Goulding rejoined the main company in 1923, both on tour and in the company's London seasons, playing and sometimes sharing with another tenor, the roles of Alexis in The Sorcerer, Frederic, Tolloller, Prince Hilarion in Princess Ida, Fairfax, Marco, Mr. Box in Cox and Box and Richard Dauntless in Ruddigore. The next season, he played the role of the Duke of Dunstable in Patience for the first time, and in the 1925–26 season, he added the role of Ralph Rackstraw in H.M.S. Pinafore to his list of characters sharing some of these roles from time to time. In 1926 he first played the Defendant in Trial by Jury. The Times said that Goulding's was an "honest tenor".

===Later years===
Goulding continued to play most of these tenor roles and Mr. Box until the autumn of 1929, when Derek Oldham returned to the company to sing Ralph, Frederic, Nanki-Poo, Fairfax, Marco and Hilarion for several months. At that time, Goulding took over the role of Cyril in Princess Ida and shared Tolloller with Oldham, while continuing with the other five characters. He then resumed with all of the Gilbert and Sullivan tenor characters over the next few seasons until 1934. The D'Oyly Carte Opera Company travelled to New York City in the autumn of 1934, but Martin Beck, the manager of the eponymous theatre, insisted that the more famous Oldham play the tenor roles.

Goulding rejoined the Company in February 1935, replacing Oldham for the rest of the North American tour, playing nearly all the tenor roles. Returning to England, Goulding split the tenor roles in 1935–36, generally with John Dean. The company scheduled another US tour for the following season with Oldham, and, disappointed, Goulding left the company.

Afterwards, Goulding sang in a number of Gilbert and Sullivan concerts, and he taught singing, as well as directing Gilbert and Sullivan for amateur companies. Goulding often attended functions of the Gilbert and Sullivan Society and was an avid golfer. He was also a member of the St. Augustine Lodge of Freemasons.

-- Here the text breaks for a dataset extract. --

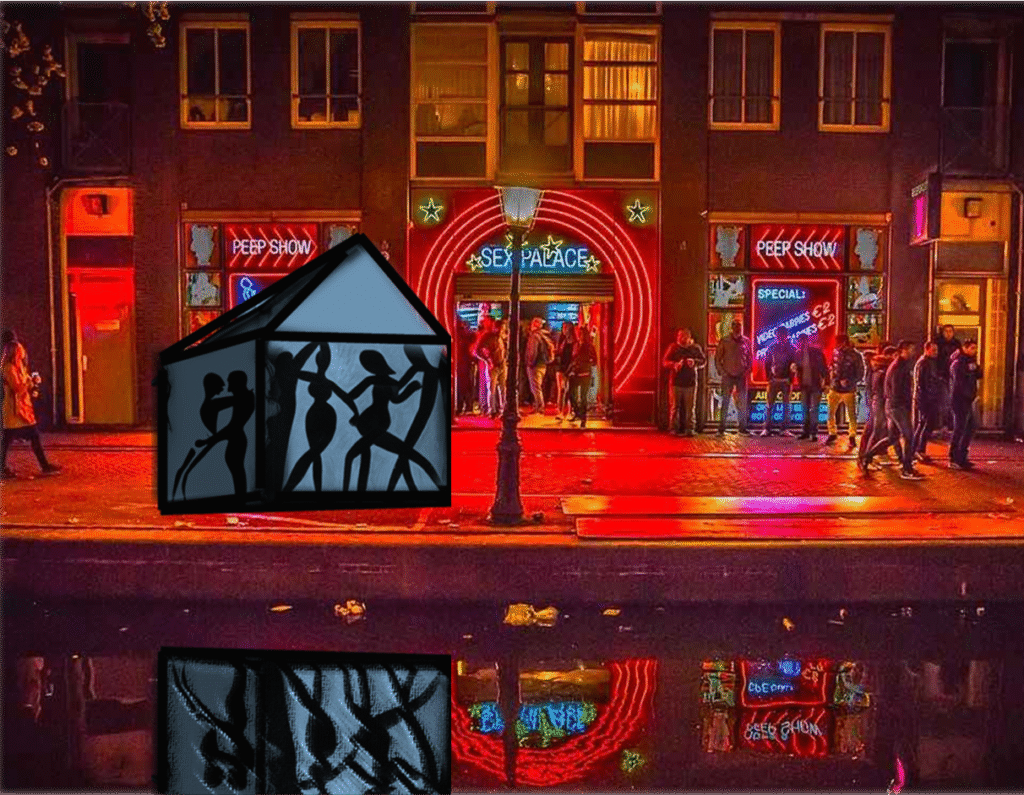 The houses are made of plexiglass, with custom paintings printed onto the surface.

Goulding died at the age of 52, only three years after leaving the D'Oyly Carte Opera Company.

==Recordings==
During Goulding's tenure after rejoining the main D'Oyly Carte Opera Company in 1923, the company recorded 16 albums with His Master's Voice, but the tenor roles in most of these went to Oldham. Goulding appears only in the recordings of H.M.S. Pinafore (1930 – Ralph) and Princess Ida (1932 – Cyril; Oldham sang Hilarion). Goulding sang with D'Oyly Carte for BBC radio as Nanki-Poo in The Mikado (broadcast in 1926), Mr. Box in Cox & Box (1929), excerpts of The Mikado (as Nanki Poo) in 1932 and 1933, The Gondoliers (as Marco) in 1932 and Yeomen (as Fairfax) in 1932 and 1935, with the D'Oyly Carte. Goulding also played Nanki-Poo in a four-minute silent promotional film made of the D'Oyly Carte Mikado in 1926.